Went for a walk to Wistman's Wood on Dartmoor on New Year's Eve. This sketch was made a few days after I arrived back but doesn't really capture the twisted and weather beaten character of the trees in one of the countries highest oak woodlands. It was just a quick sketch one lunchtime to go with the following poem.


Post Christmas thunder and heavy rain clouds
Tightly wrapped coats amidst chilled wind
Well trodden path along granite hillside
Sheep: colour washed with blue.

Walkers passed with damp muddy dogs
Across boggy boulder strewn moorland
The distant wood dwarfed by higher conifers
Anticipation of discovery drives me onward.
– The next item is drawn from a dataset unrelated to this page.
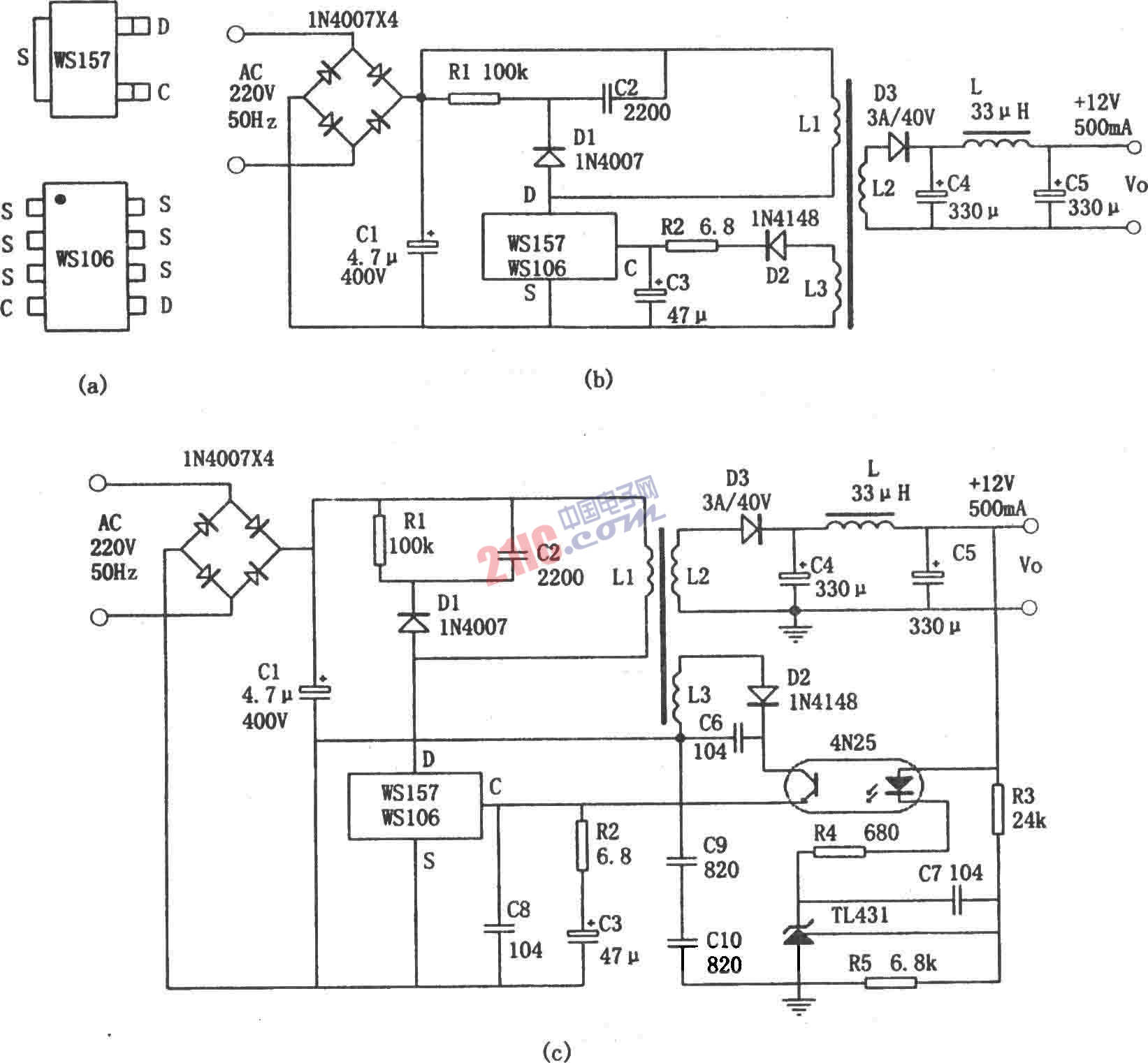 如圖所示為用WS157或WS106小功率微型開關(guān)穩(wěn)壓電源。WS157或WS106是近年來新近開發(fā)的一種穩(wěn)壓式開關(guān)電源控制器件,內(nèi)部將控制電路和功率開關(guān)管集成到同一個芯片上,具有PWM控制、過流過熱等多種檢測保護(hù)功能,外部僅需接合適的開關(guān)變壓器和少量元件就能正常工作。用它制成的穩(wěn)壓電源特點(diǎn)是直接將交流市電(220V)轉(zhuǎn)換成低壓直流,且體積小巧,制作簡單。WS157的功率為18W,WS106功率為12W。

Centuries old trees, battered and bruised
One of Britains highest oak woods lies
On a bleak clitter strewn hillside
Where no man nor beast would roam.

Stunted and twisted the trees arise
From between close-knit weathered boulders
Mosses, ferns and lichens
Embedded on rain soaked branches.

History has left this wood untouched
But for curious wanderers, witches and druids
The makers of legends and those
Who seek its artistic inspiration.

A fragile habitat - I shall not enter
To clamber over the rocks and gawp
I have nothing to offer in return and
One less intrusion just might be appreciated.